------ INPUT DATA

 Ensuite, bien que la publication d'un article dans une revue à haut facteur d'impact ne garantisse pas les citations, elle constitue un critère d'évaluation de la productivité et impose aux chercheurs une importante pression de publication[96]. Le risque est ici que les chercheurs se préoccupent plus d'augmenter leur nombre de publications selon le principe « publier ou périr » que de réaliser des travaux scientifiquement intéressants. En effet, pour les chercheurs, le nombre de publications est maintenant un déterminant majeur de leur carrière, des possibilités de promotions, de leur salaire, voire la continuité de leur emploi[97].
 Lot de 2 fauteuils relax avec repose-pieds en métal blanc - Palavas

------------
------ INPUT DATA

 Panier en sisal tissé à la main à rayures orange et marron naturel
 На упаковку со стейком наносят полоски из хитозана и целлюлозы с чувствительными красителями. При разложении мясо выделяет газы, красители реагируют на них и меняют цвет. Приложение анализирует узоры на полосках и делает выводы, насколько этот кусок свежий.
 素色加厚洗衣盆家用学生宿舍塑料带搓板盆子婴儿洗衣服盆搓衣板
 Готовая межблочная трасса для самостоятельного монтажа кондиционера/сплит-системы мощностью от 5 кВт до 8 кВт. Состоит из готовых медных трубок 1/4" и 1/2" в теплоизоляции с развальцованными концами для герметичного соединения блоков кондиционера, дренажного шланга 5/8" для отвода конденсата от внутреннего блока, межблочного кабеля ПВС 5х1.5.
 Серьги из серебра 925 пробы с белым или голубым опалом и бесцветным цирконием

------------

_EXERCISE DIRECTIONS_. All lines above from the one with "Ensuite, bien que" to the one with "Lot de 2 fauteuils", inclusive, should be copied exactly, and no other lines.

_RESULT_.
 Ensuite, bien que la publication d'un article dans une revue à haut facteur d'impact ne garantisse pas les citations, elle constitue un critère d'évaluation de la productivité et impose aux chercheurs une importante pression de publication[96]. Le risque est ici que les chercheurs se préoccupent plus d'augmenter leur nombre de publications selon le principe « publier ou périr » que de réaliser des travaux scientifiquement intéressants. En effet, pour les chercheurs, le nombre de publications est maintenant un déterminant majeur de leur carrière, des possibilités de promotions, de leur salaire, voire la continuité de leur emploi[97].
 Lot de 2 fauteuils relax avec repose-pieds en métal blanc - Palavas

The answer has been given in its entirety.